# Rayco 1625 belt woes



## gr8scott72 (Jan 13, 2008)

Maybe someone can tell me what I did wrong or what I need to do to keep this happening again so soon.

I just replaced the poly-cog belt, the one that goes to the cutter head in Oct. I've put less than 40 hours on the maching since then. Well, it broke again today. That's a $250 belt!! I try not to let the machine bounce on the stump but it does happen every once in awhile.

I have 500 series greenteeth on it and I know someone is going to say that's what's causing it but I can't believe that, not at only 40 hours. I always keep them rotated and sharp.

Did I have the belt too tight? How tight is it supposed to be? The pulleys seemed to be ok without any signs of wear on the teeth and the belt was in alignment straight between the two pulleys.

Someone was talking about putting a triple-v belt in place of the cogged one but that was on a different brand I think. Has anyone done this on a Rayco?

Someone help!


----------



## a_lopa (Jan 14, 2008)

The pulleys teeth get sharp with wear.


----------



## 911crash (Jan 14, 2008)

ive had one break on the first stump after a new belt $$$$. belt tension is the key. although without greenteeth no belts broken with greenteeth at least 4 or 5 but some were my fault because of improper tension.


----------



## gr8scott72 (Jan 14, 2008)

911crash said:


> ive had one break on the first stump after a new belt $$$$. belt tension is the key. although without greenteeth no belts broken with greenteeth at least 4 or 5 but some were my fault because of improper tension.



So, how tight should it be?


----------



## John464 (Jan 14, 2008)

gr8scott72 said:


> So, how tight should it be?




your owners manual has a measuremnt by means of deflection. that is when you press down on it with a prescribed number of lbs it deflects a specific number of mm's. check the manual.


----------



## gr8scott72 (Jan 14, 2008)

John464 said:


> your owners manual has a measuremnt by means of deflection. that is when you press down on it with a prescribed number of lbs it deflects a specific number of mm's. check the manual.

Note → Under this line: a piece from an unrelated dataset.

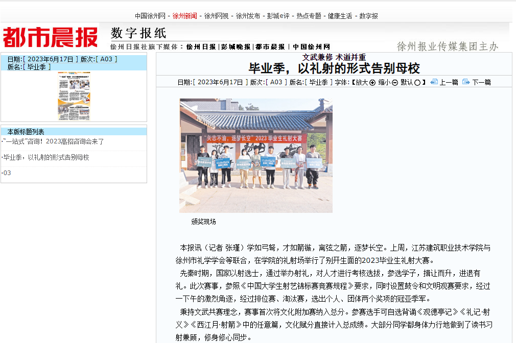 本报讯(记者 张瑾)学如弓弩,才如箭镞,离弦之箭,逐梦长空。上周,MK.COM与徐州市礼学学会等联合,在学院的礼射场举行了别开生面的2023毕业生礼射大赛。

Well, never got one. Can someone tell me what it says?


----------



## Bigstumps (Jan 15, 2008)

If it snapped straight across - pretty clean looking - it was either a shock load or you pried it on over the sprockets installing it. If you pry it over the sprockets instead of moving the jackshaft for the install you will break the belt internally.

If the teeth are ripped off you had it too loose.

What does the broken belt look like?

How old a 1625 is it? Rayco made some changes to their polychain drives. The 1st ones had small teeth - 8MM and the later ones have larger 14MM teeth. They had a upgrade kit.

I have heard Greenteeth can be very hard on the drives.


----------



## gr8scott72 (Jan 15, 2008)

Bigstumps said:


> If it snapped straight across - pretty clean looking - it was either a shock load or you pried it on over the sprockets installing it. If you pry it over the sprockets instead of moving the jackshaft for the install you will break the belt internally.
> 
> If the teeth are ripped off you had it too loose.
> 
> ...



I did pull it over the pulleys to install it.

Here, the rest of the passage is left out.